My neighbor Mike and his wife decided after 26 years to head back to Texas and that the ShopSmith would not be making the trip. Code for f I wanted it and all the accessories, including the ShopSmith dust collector vac, just cough up $300. Mike bought ShopSmith's 50th anniversary model new in 2003, making 1953 the year the first ShopSmith rolled off the assembly line, and the same year I rolled out of the maternity ward as a newborn.
























Anyway, despite ShopSmith's shape-shifting marvels, the motor setting on this one never left saw speed because as Mike explains it he only used it as a table saw for cutting stock. So the machine never knew its other multiple personalties. All the lathe chisels, drill chuck, brad point bits, 12" sanding disk, etc., still packaged and sitting unused for 17 years.








I'll spend some time lubing, cleaning and polishing it before getting back into some woodturning. Can't wait. Haven't done any since I was a kid. Any pointers on the best way to handle the surface rust on those skews?


----------



## RepairmanJack (Aug 4, 2013)

What a deal!


----------



## difalkner (Nov 27, 2011)

Super deal! You can probably get most of the rust off those tools when you put a bowl blank in, just let the wood rub the rust off. Otherwise I would use electrolysis to remove the rust.

David


----------



## BigJim (Sep 2, 2008)

Man did you ever luck out, now it is time to have a ball with your new tool.


----------



## Tool Agnostic (Aug 13, 2017)

Electrolysis is a good suggestion, but my current (pun intended) battery charger is too "smart" to work that way, and I gave away the old one a long time ago. (I should have kept it, darn it.) 

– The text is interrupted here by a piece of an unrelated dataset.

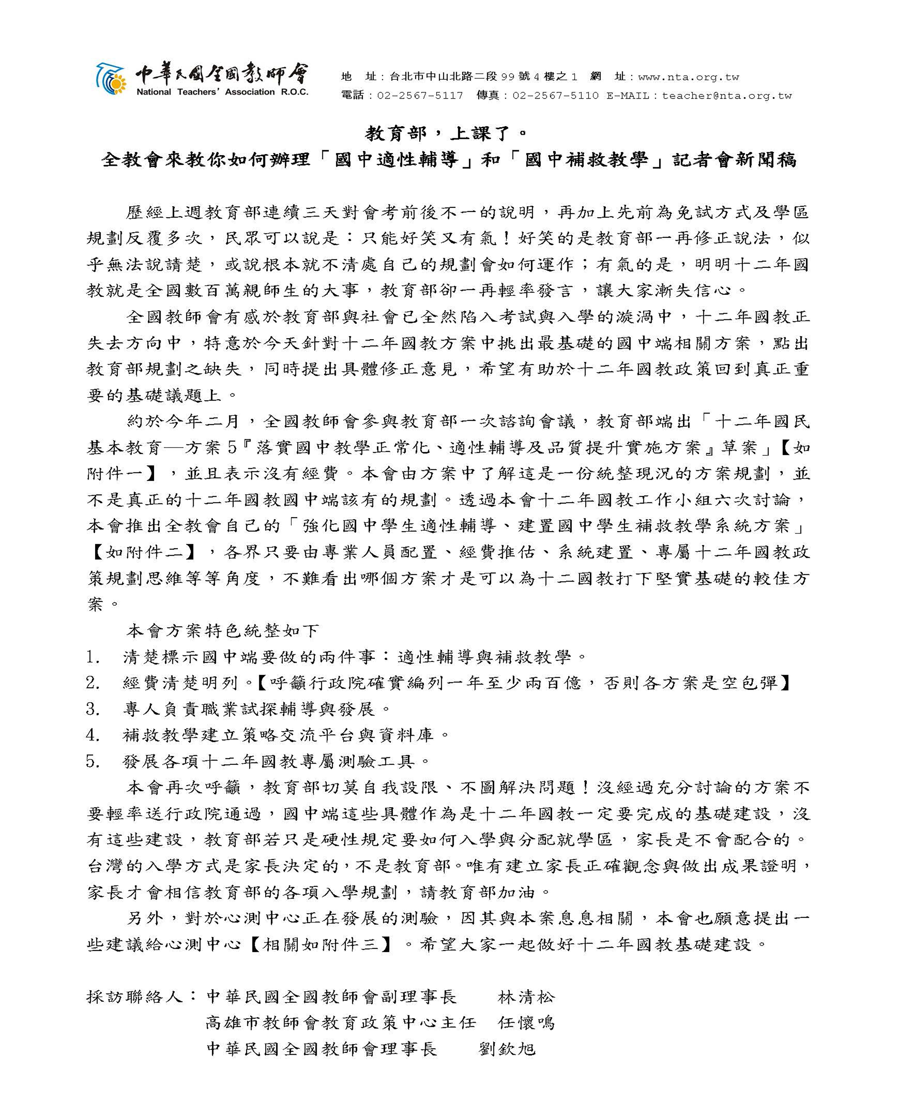 本會再次呼籲,教育部切莫自我設限、不圖解決問題!沒經過充分討論的方案不要輕率送行政院通過。

I use 3M ScotchBrite abrasive pads with WD-40 as a solvent, lubricant, and swarf remover. Choose the green ScotchBrite for heavy rust, gray for light rust. If using green, when you're close, switch to gray. It doesn't have to be 3M brand, any similar abrasive pad will do. See if that works before resorting to more drastic measures.


----------



## woodnthings (Jan 24, 2009)

Your question:
I'll spend some time lubing, cleaning and polishing it before getting back into some woodturning. Can't wait. Haven't done any since I was a kid. Any pointers on the best way to handle the surface rust on those skews? 

I have used Evaporust on old tools will great results. O Reillys has it as does Harbor Freight. A tall plastic bottle that will allow the length to be fully submerged will work, just don't tip it over.


----------



## Nowthatumentionit (Aug 8, 2020)

Thanks. Everyones' suggestions bolster what I had in my bag of tricks. In 1 combination or another, I'll make them work.


----------



## LilysDad (Dec 21, 2019)

soaking i vinegar will also remove rust.


----------



## RepairmanJack (Aug 4, 2013)

follow it up with some paste wax or bowling alley wax.


----------



## Quickstep (Apr 10, 2012)

The ShopSmith itself looks to be in excellent shape. Congrats on a great deal. 

I'd use a wire wheel on the rust on those gouges and then sharpen them. It's only the edge that cuts.


----------